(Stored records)
· · · · ·

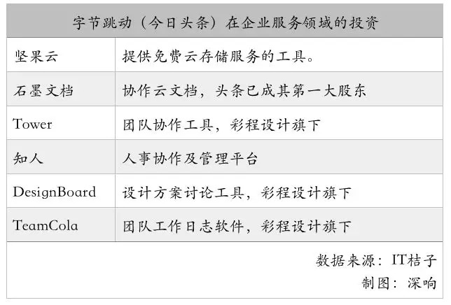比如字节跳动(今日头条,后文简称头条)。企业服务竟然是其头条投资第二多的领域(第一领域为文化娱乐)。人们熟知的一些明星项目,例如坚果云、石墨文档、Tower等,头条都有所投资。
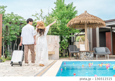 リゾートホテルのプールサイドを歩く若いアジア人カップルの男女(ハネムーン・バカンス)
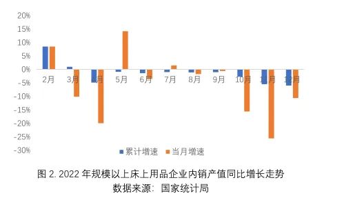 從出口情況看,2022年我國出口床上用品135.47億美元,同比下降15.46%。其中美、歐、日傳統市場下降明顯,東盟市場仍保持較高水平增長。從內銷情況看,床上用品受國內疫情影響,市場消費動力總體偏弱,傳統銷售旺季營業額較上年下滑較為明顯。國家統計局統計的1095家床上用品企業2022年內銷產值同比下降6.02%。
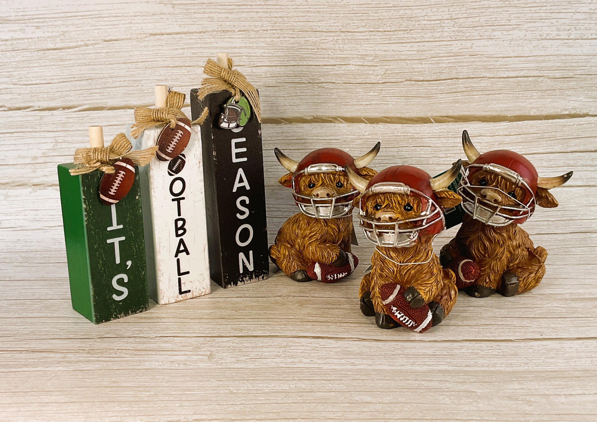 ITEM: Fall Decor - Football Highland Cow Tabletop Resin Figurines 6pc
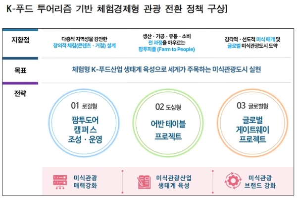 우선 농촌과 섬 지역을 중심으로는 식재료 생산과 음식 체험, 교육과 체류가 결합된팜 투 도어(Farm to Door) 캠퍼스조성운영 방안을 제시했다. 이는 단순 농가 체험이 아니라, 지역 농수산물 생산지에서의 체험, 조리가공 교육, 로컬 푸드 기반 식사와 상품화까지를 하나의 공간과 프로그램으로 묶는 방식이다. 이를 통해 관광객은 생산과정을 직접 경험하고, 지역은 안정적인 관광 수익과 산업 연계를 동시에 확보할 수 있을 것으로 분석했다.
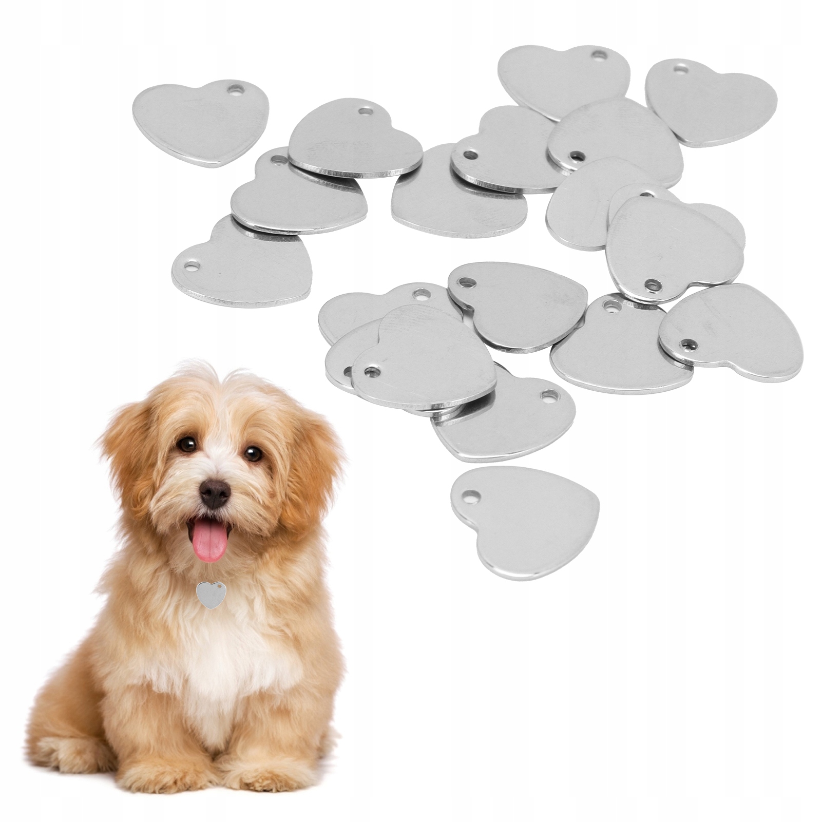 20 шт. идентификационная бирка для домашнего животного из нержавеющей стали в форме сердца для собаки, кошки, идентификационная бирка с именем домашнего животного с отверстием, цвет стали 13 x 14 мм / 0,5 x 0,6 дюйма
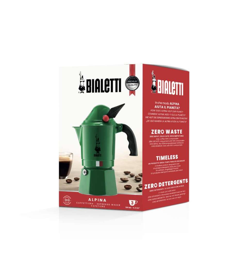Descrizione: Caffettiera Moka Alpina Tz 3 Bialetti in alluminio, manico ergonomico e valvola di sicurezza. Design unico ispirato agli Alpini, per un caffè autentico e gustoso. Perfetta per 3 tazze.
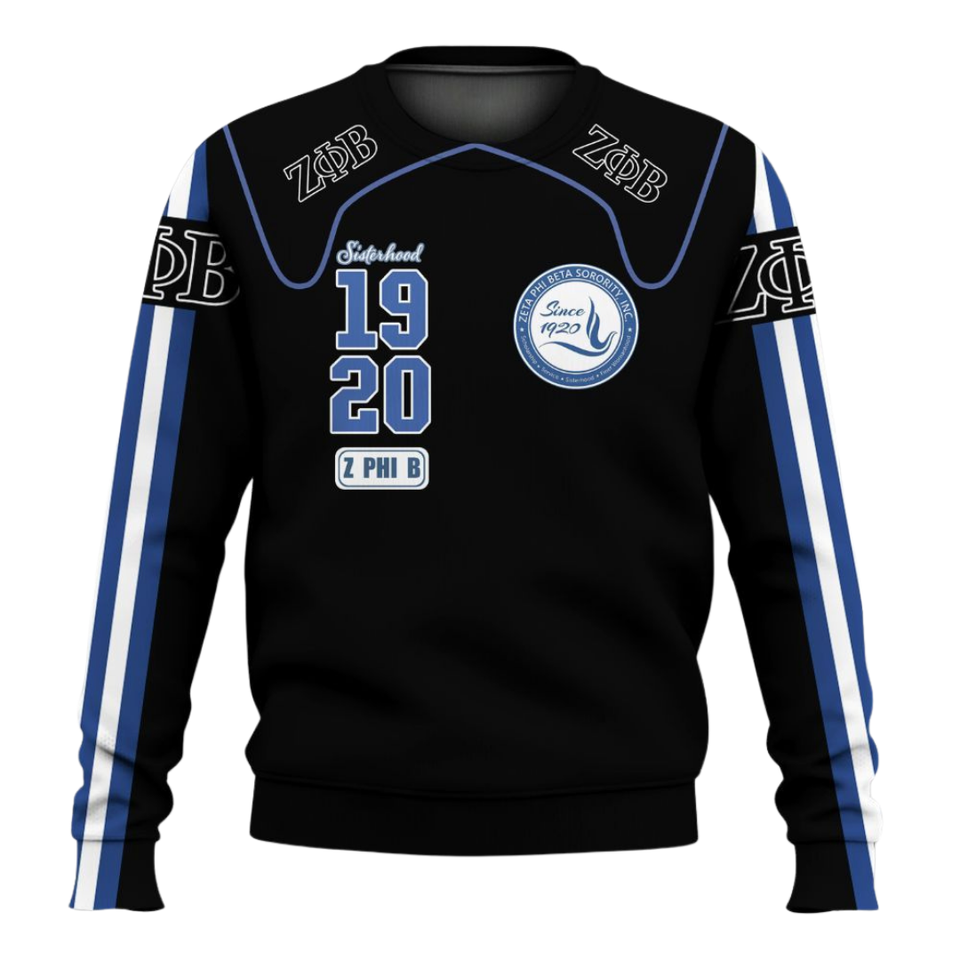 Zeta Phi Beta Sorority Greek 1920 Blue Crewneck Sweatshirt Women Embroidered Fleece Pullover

· · · · ·

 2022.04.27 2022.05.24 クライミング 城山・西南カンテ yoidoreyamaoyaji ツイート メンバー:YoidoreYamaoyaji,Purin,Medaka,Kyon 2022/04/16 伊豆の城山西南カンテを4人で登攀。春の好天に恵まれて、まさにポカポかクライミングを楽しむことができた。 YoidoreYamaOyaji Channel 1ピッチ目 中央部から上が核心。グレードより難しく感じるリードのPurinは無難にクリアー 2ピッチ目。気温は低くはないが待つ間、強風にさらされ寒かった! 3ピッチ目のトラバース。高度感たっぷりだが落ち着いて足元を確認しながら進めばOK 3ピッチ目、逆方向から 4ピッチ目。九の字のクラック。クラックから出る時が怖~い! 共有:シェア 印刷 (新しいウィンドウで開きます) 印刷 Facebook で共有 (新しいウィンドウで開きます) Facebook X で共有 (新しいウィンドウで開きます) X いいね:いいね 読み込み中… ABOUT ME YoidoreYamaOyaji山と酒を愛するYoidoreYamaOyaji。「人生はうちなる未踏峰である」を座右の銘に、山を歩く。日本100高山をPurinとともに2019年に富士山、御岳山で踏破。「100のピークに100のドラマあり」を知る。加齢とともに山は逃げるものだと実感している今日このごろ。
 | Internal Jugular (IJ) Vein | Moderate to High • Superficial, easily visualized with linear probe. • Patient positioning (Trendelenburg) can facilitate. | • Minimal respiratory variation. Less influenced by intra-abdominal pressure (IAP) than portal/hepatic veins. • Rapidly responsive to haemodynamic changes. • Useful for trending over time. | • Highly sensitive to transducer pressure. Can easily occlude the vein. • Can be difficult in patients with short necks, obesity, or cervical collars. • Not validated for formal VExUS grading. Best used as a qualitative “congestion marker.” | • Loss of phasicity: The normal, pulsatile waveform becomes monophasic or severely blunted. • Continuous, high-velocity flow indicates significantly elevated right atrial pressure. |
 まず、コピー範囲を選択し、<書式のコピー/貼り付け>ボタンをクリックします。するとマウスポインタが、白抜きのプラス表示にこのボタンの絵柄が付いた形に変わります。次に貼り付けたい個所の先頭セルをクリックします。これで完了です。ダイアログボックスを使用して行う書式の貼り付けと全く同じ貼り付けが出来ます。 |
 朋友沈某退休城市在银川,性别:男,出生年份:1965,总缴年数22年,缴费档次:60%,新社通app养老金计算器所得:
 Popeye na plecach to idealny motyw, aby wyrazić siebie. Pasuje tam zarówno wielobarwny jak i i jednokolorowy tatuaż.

· · · · ·

→ **PROBLEM TO SOLVE**
Find the line with "比如字节跳动(今日头条,后文" in the entries above. Set down exactly every line from it up to and including the line with "20 шт. идентификационная", images excluded.

→ **WRITTEN SOLUTION**
比如字节跳动(今日头条,后文简称头条)。企业服务竟然是其头条投资第二多的领域(第一领域为文化娱乐)。人们熟知的一些明星项目,例如坚果云、石墨文档、Tower等,头条都有所投资。
 リゾートホテルのプールサイドを歩く若いアジア人カップルの男女(ハネムーン・バカンス)
 從出口情況看,2022年我國出口床上用品135.47億美元,同比下降15.46%。其中美、歐、日傳統市場下降明顯,東盟市場仍保持較高水平增長。從內銷情況看,床上用品受國內疫情影響,市場消費動力總體偏弱,傳統銷售旺季營業額較上年下滑較為明顯。國家統計局統計的1095家床上用品企業2022年內銷產值同比下降6.02%。
 ITEM: Fall Decor - Football Highland Cow Tabletop Resin Figurines 6pc
 우선 농촌과 섬 지역을 중심으로는 식재료 생산과 음식 체험, 교육과 체류가 결합된팜 투 도어(Farm to Door) 캠퍼스조성운영 방안을 제시했다. 이는 단순 농가 체험이 아니라, 지역 농수산물 생산지에서의 체험, 조리가공 교육, 로컬 푸드 기반 식사와 상품화까지를 하나의 공간과 프로그램으로 묶는 방식이다. 이를 통해 관광객은 생산과정을 직접 경험하고, 지역은 안정적인 관광 수익과 산업 연계를 동시에 확보할 수 있을 것으로 분석했다.
 20 шт. идентификационная бирка для домашнего животного из нержавеющей стали в форме сердца для собаки, кошки, идентификационная бирка с именем домашнего животного с отверстием, цвет стали 13 x 14 мм / 0,5 x 0,6 дюйма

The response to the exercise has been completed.